- _Aim of the task_
Copy the lines below, word for word, from the first through the line containing "And you don’t". Leave the pictures out.

◇ ◇ ◇ ◇ ◇

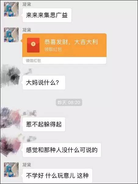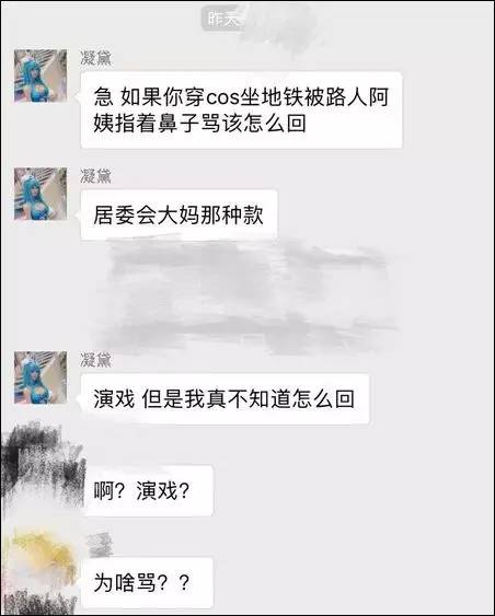 而网上盛传的另一组聊天截图显示,凝黛在某个群里问:“如果你穿cos坐地铁被路人阿姨指着鼻子骂该怎么回”,并指明是在“演戏”。
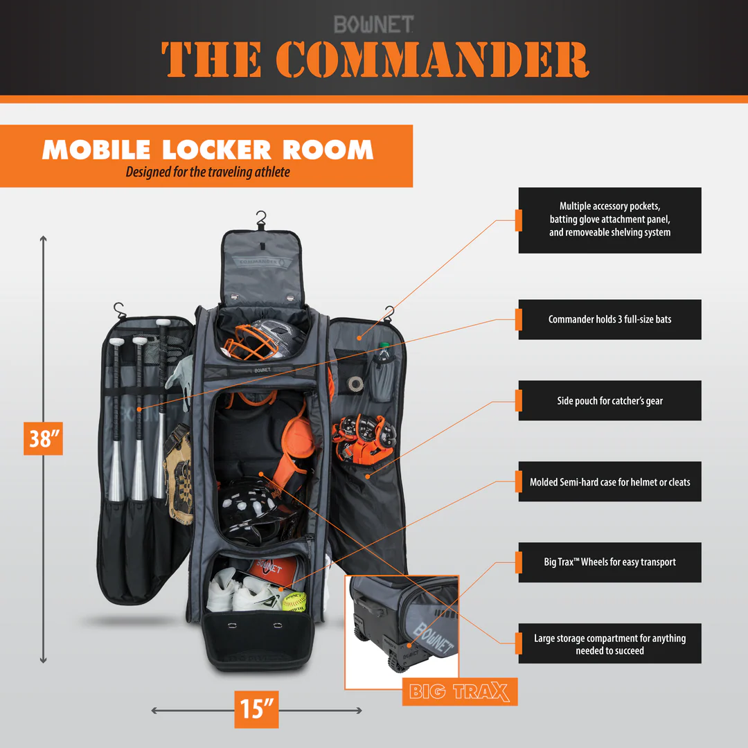 And you don’t need to be a catcher to own Bownet’s Commander bag. Baseball and softball players nationwide have adopted this “Baseball Equipment Locker” as a top choice for Little League, Travel Ball, High School, and College players of all positions.
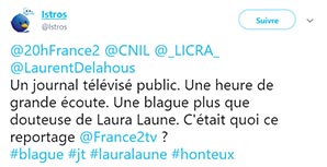 Par contre, je me pose la question, va-t-elle aussi se faire démolir comme TEX ? (qui a fait une blague du même niveau) Dire qu'on a des personnes politiques qui disent largement pire et pas sur le ton de la rigolade et ils sont à peine inquiétés ... Monde de merde
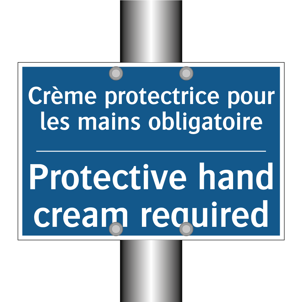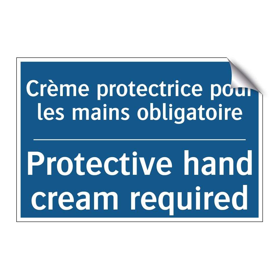 Panneau d'obligation bilingue avec texte en français : "Crème protectrice pour les mains obligatoire", et en anglais : "Protective hand cream required"
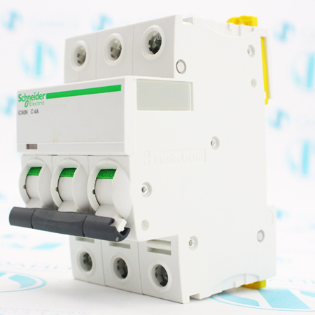 A9F74304 Выключатель автоматический Schneider Electric, 3-полюсный, 4А, 6кА (хар-ка C).  Аппараты iC60N отвечают требованиям как бытового (ГОСТ Р 50345), так и промышленного (ГОСТ 50030.2) стандартов. Сочетают в функции защиты цепей от токов короткого замыкания и перегрузки. Обеспечивают возможность секционирования в промышленных электроустановках. Сигнализируют об аварийном отключении посредством индикатора состояния - функция Visi Trip. Обеспечивают видимый разрыв, благодаря зеленой полосе над тумблером включения - функция Visi Safe.
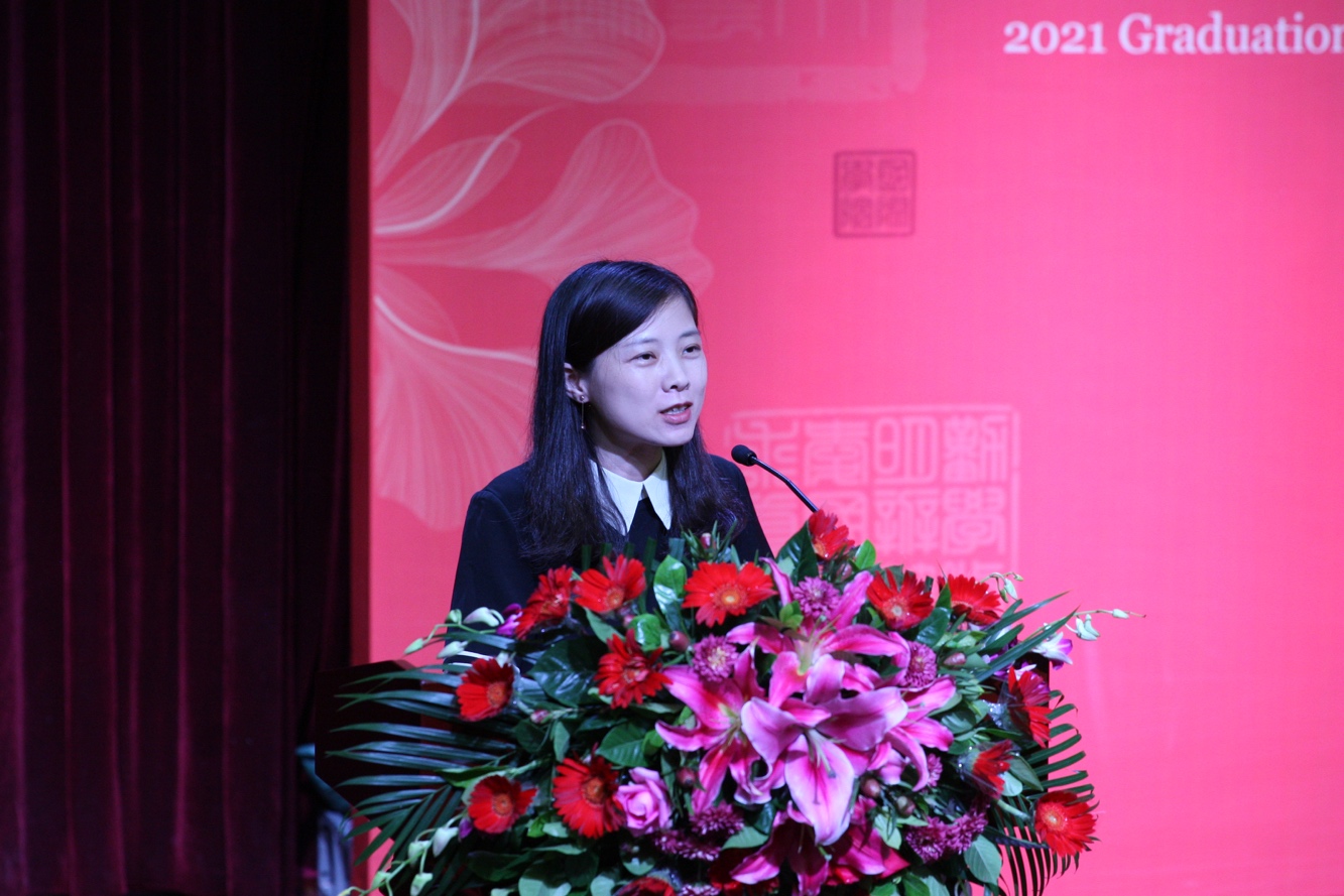 随后,教师代表杨晶副教授发言。她对同学们四年来努力奋斗取得的累累硕果表示祝贺,她指出,大学不仅是学习“如何与自己相处、如何与他人相处”,最重要的是养成终身学习的习惯。她希望同学们能始终秉承厦大校训,拥有淋漓尽致的人生。
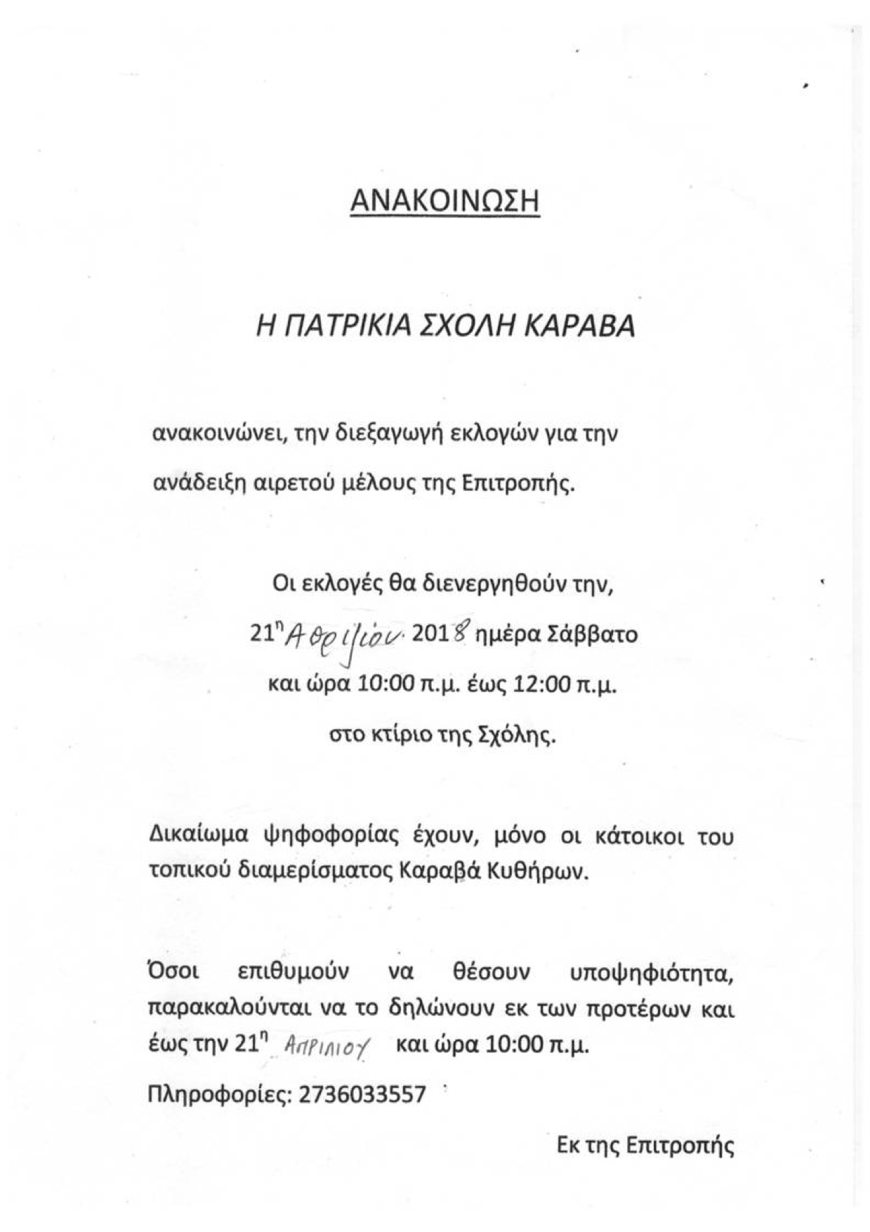 - Εκλογές Πατρικία Σχολή – 21/4/2018
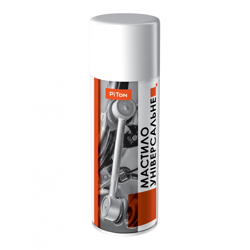 Універсальне мастило PiTonУніверсальне мастило PiTon - надійний помічник для комплексного обслуговування різних вузлів і механізмів - очищує, змащує, захищає від корозії. Застосовується для ремонту та обслуговування автомобілів, мотоциклів, моторолерів та інших транспортних засобів. Незамінний для догляду та захисту промислового обладнання, полегшує швидке і безпечне розєднання залиплих і заклинених вузлів будь-якого типу складання. Спеціальна насадка полегшує роботу в ускладнених місцях і забезпечує точне нанесення.Основні переваги: Розчинення іржі та накипу: Ефективно розчиняє іржу та накип, усуває рипіння. Витіснення вологи та запобігання замерзанню: Забезпечує витіснення вологи, запобігає замерзанню. Поновлення рухливості іржавілих нарізних з’єднань: Покращує рухливість приіржавілих нарізних зєднань. Полегшення монтажу та демонтажу: Забезпечує полегшення монтажу та демонтажу вузлів і деталей. Зменшення тертя та спрацювання: Послаблює тертя та спрацювання механізмів. Гарантований антикорозійний захист: Забезпечує надійний захист від корозії. Нейтральність до лакофарбових покриттів, пластику, дерева: Безпечний для лакофарбових покриттів, пластику та дерева. Не випаровується: Не випаровується, що забезпечує тривалий ефект. Спосіб застосування: Ретельно розмішайте вміст балона, струшуючи його щонайменше 2-3 хвилини. Змастіть підготовлену поверхню, наносячи мастило з відстані 10-15 см. Гарантований ефект досягається при щільному контакті речовини з поверхнею протягом 2-3 хвилин.При розєднанні особливо заїржавіх вузлів рекомендується застосувати мастило двічі з інтервалом 3-5 хвилин перед демонтажем.
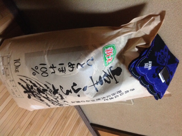 O塚さんからお米とアナスイのハンカチ
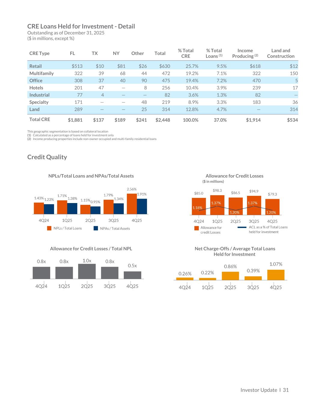 CRE Loans Held for Investment - Detail Outstanding as of December 31, 2025 ($ in millions, except %) CRE Type FL TX NY Other Total % Total CRE % Total Loans (1) Income Producing (2) Land and Construction Retail $513 $10 $81 $26 $630 25.7% 9.5% $618 $12 Multifamily 322 39 68 44 472 19.2% 7.1% 322 150 Office 308 37 40 90 475 19.4% 7.2% 470 5 Hotels 201 47 — 8 256 10.4% 3.9% 239 17 Industrial 77 4 — — 82 3.6% 1.3% 82 — Specialty 171 — — 48 219 8.9% 3.3% 183 36 Land 289 — — 25 314 12.8% 4.7% — 314 Total CRE $1,881 $137 $189 $241 $2,448 100.0% 37.0% $1,914 $534 This geographic segmentation is based on collateral location (1) Calculated as a percentage of loans held for investment only (2) Income producing properties include non-owner occupied and multi-family residential loans Credit Quality Allowance for Credit LossesNPLs/Total Loans and NPAs/Total Assets ($ in millions) Allowance for Credit Losses / Total NPL Net Charge-Offs / Average Total Loans Held for Investment Investor Update I 31
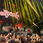 Heute wird den Leuten viel Bombast geboten: Bands der Marke NIGHTWISH mit Frauengesang und einem lieblichem Keyboardteppich stehen auf dem Programm. Gegen 16 Uhr begeistern die Schweizer Folk Metaler ELUVEITIE die zahlreichen Zuschauer vor der Mainstage 2. Acht Leute und allerhand Instrumente sind auf der Bühne und Sänger Chrigel Glanzmann (oder ist es Torsten Sträter?) führt durch das keltisch angehauchte Liedgut („A Rose of Epona“, „Làppel des Montagnes“...). Die Sonne ist zurück in Clisson und das ist gut so! Nebenan geht’s weiter mit MYLES KENNEDY. Er ist inzwischen ohne SLASH unterwegs und spielt Hardrock mit Einflüssen von Country und Singer/ Songwriter und beweist wiedermal, dass er ein guter Musiker und Sänger ist. Heute konzentriert er sich vor allem auf Songs des 2021er Albums „The Ides of March“. EPICA starten ihr Set, ich nehme reis aus und komme zu AIRBOURNE zurück: Sie sind „Ready to Rock“. Es ist herrlich mit welcher Spielfreude die Australier zu Werke gehen. Joel O’Keeffe zeigt sich gewohnt bewegungsfreudig und ist gut drauf. Die Bühne ist in Rubinrot getaucht, Bier fliegt durch die Luft und es wird geschwitzt: „“Breakin`Outta hell“, „Raise the Flag“, „Runnin`Wild“… .

◇ ◇ ◇ ◇ ◇

- _Solution_
 而网上盛传的另一组聊天截图显示,凝黛在某个群里问:“如果你穿cos坐地铁被路人阿姨指着鼻子骂该怎么回”,并指明是在“演戏”。
 And you don’t need to be a catcher to own Bownet’s Commander bag. Baseball and softball players nationwide have adopted this “Baseball Equipment Locker” as a top choice for Little League, Travel Ball, High School, and College players of all positions.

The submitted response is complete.